Space and Relationships: The Final Frontier
Every time anyone mentions an idea, though unknowingly in many cases, we refer to the other side at the same time without even mentioning it out loud. If I say” look at that piece of art on the wall” I’m not just bringing attention to the paint on the canvas and its artistic uniqueness, I’m also in a much more subtle way suggesting you look at the actual canvas itself. The art itself is nothing without the blank canvas there for the art to be laid out on. This is the space that the art is operating within, and this is the vehicle the art is being delivered to you in. Sci-fi is the best art/fiction to show the incredible importance of the background to the story as a whole. Nowhere else in story telling is the “space” more important than in Sci-Fi writing, space is literally the final frontier of true exploration.
Art like life is always better when the artist is changing and evolving as time goes by. If an artist is great at say guitar, and then later learns other instruments and adds that to the art it can make it much better. Some may not prefer the new style, but that’s what the artist is happy pursuing so who are you to judge do you play guitar? When you hear one bird sing it’s beautiful, when you hear two birds sing it harmonizes, but when the whole flock is chirping it is musical madness of the most wondrous nature. Certainly some things just go together and there’s no denying their connection in both our minds and in our environment, bees and flowers, colors and shapes, bears and honey, but some of the greatest truly unique moments happen when the un-common meet each other.
Even if we view relationships in a truly mechanical way we can see that when a machine of some sort is assembled it is individual very unique parts working together to make the whole of the mechanism work. If two parts were to be worked against each so much that they actually become one the entire machine breaks down. Parts of the assembly go together they don’t become together. The parts of the machine move around in a logical fashion coming closer and farther apart depending on the moment and current desired operation of the machine.
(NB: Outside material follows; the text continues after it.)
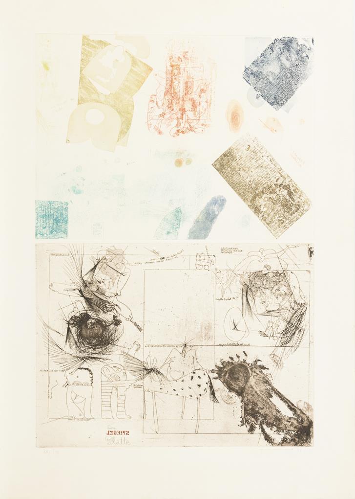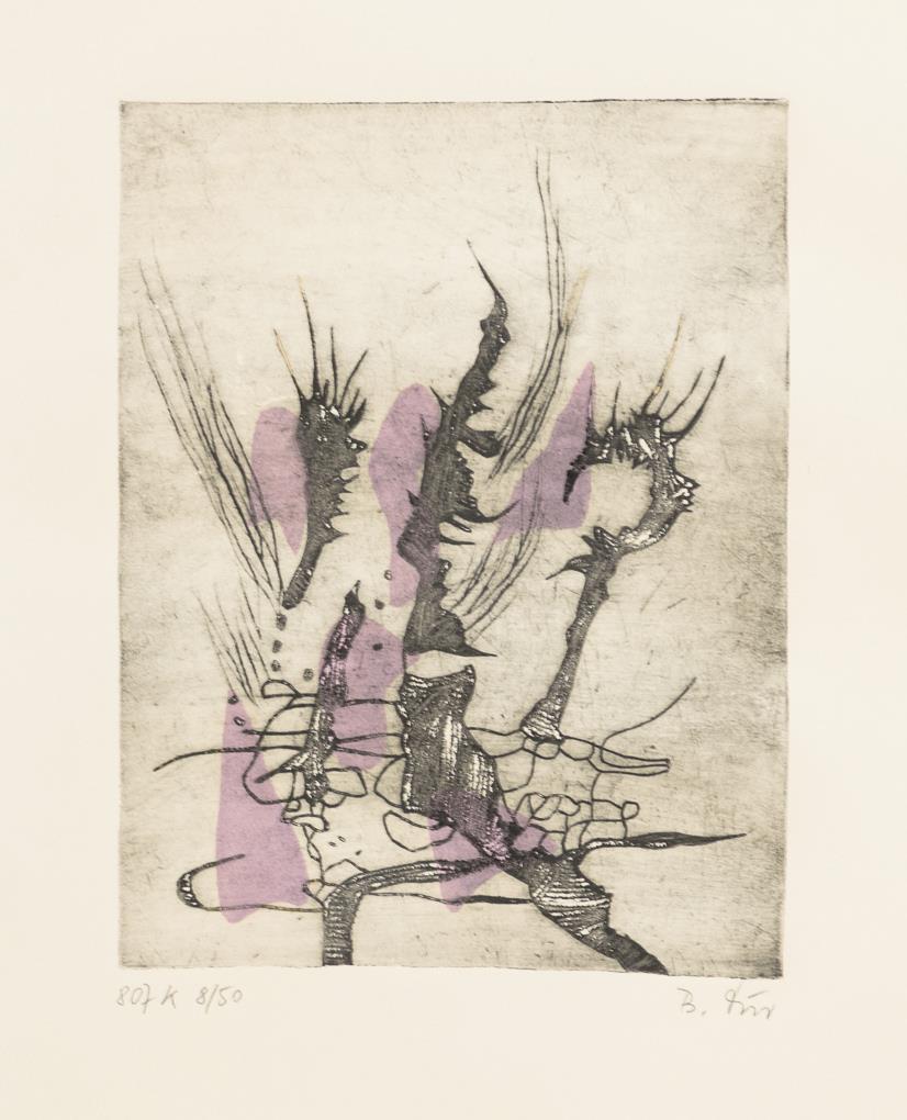 Kurt P. Lohwasser: "Das Apparative", 58,5 x 42 cm, Exemplar: 752 K/16/50, [19]73, Rand mit Lichtschaden und kleineren Wasserflecken | Barlach Heuer: Ohne Titel, 65,5 x 50,5 cm, Exemplar: 911 K/36/50, 1977, leichter Lichtschaden | Undeutlich signiert: Ohne Titel, 77 x 56 cm, Exemplar: 816 K/40/100, Rand mit leichter Verschmutzung | Undeutlich signiert: Ohne Titel, 52,5 x 39 cm, Exemplar: 807 K/8/50, Rand mit leichter Verschmutzung | Undeutlich signiert: "Eine Spiegelplatte", 75,5 x 55 cm, [19]71, Exemplar: 88/150 | Undeutlich signiert: "Odradek", 50 x 66 cm, Exemplar: 24/60, [19]88 | Undeutlich signiert: Rötliche Fläche, 65 x 50 cm, Exemplar: 30/100, etwas geknickt.

Ask anyone who is or has been married and usually when you talk to them about their life up to this point they will tell you they met their significant other and that’s when a lot of shit changed. That’s when the background of all things in your life changed. All future moments are set in the context of marriage. A lot of your other social arrangements change when you meet someone that becomes very important to you. Your relationships with your friends, family, co-workers, acquaintances, and even complete strangers are all laid out in a different fashion when that relationship is there. Of course our lives are all about things changing as we age and become experienced with more and more memories.
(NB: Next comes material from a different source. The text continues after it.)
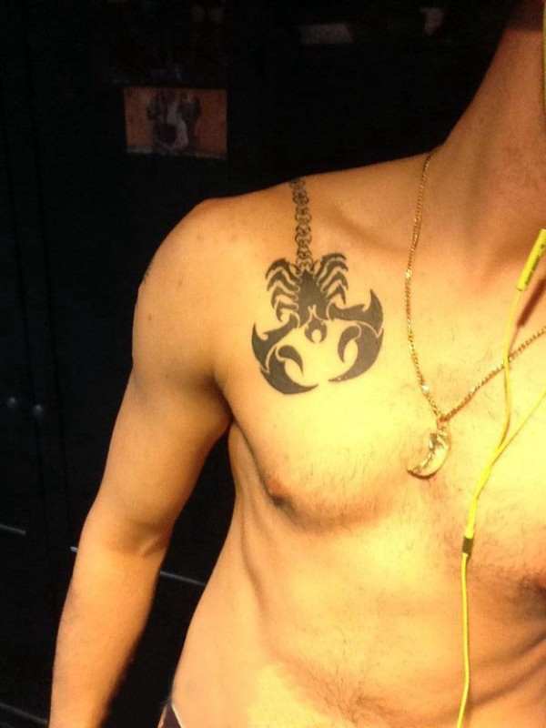 肩膀简约纹身 男生肩部黑色的蝎子纹身图片

We all define ourselves in many ways with the people we associate ourselves with. There’s no denying that others have an impact on the decisions we make and the way we live our lives. I’m certainly not suggesting that we’re not individual parts, but our totality is the true us. We are not you and me, it’s everything that’s alive or not that we deem significant that is the real totality of our existence. All these parts come together in motion to create our culture which is the social background of our lives.
This space and the backgrounds in our lives are very important and we need to allow our significant others there place to be and grow. By concerning ourselves too much with the “situation at hand” we’re denying our significant others their chance to grow. Often times when I listen to divorcees talk about their breakup they say “they just weren’t the person I married anymore”. Should people really be expected to be the same person after two, five, or even ten years? I’m changing like every fucking day; the other day I found Kevin Smith’s Smodcast and that alone changed my life forever. The other thought that stems from that is if they’re not the person they were when you married them then can’t we surmise that being married to you is part of what changed them? It’s a pretty big deal for most people to be married, so it is pretty safe to say that your life will be changed by marriage. Again in that same stream of thought are you not also confessing that you liked the unmarried version of that person better than the married version of that same person?
I’m not saying people shouldn’t be involved in deep long term relationships with each other. What I’m saying is you fell in love with that person when they were on their own doing their own thing. Things were fresh and stuff was changing for both of you in a good way. Now if you take that wonderful majestic wild create and throw it in a cage it doesn’t do all the cool stuff it used to do. You might argue that that means that they also don’t do all the bad things either, but ultimately you’re trying to fit a square peg into a circular hole. We need space and other backgrounds in our lives to help us identify just how special that one relationship is so we can cherish it all the more. I’m never more happy to see my cat than after I was just at somebody’s house with a slobbery co-dependent dog. My cat says “meow” rubs up against my leg and then proceeds to mind its own fucking business. Likewise nothing makes me more appreciative of my loving, liberal, bi, hippy girlfriend than spending a day in Newport Beach surrounded by materialistic trophy wives.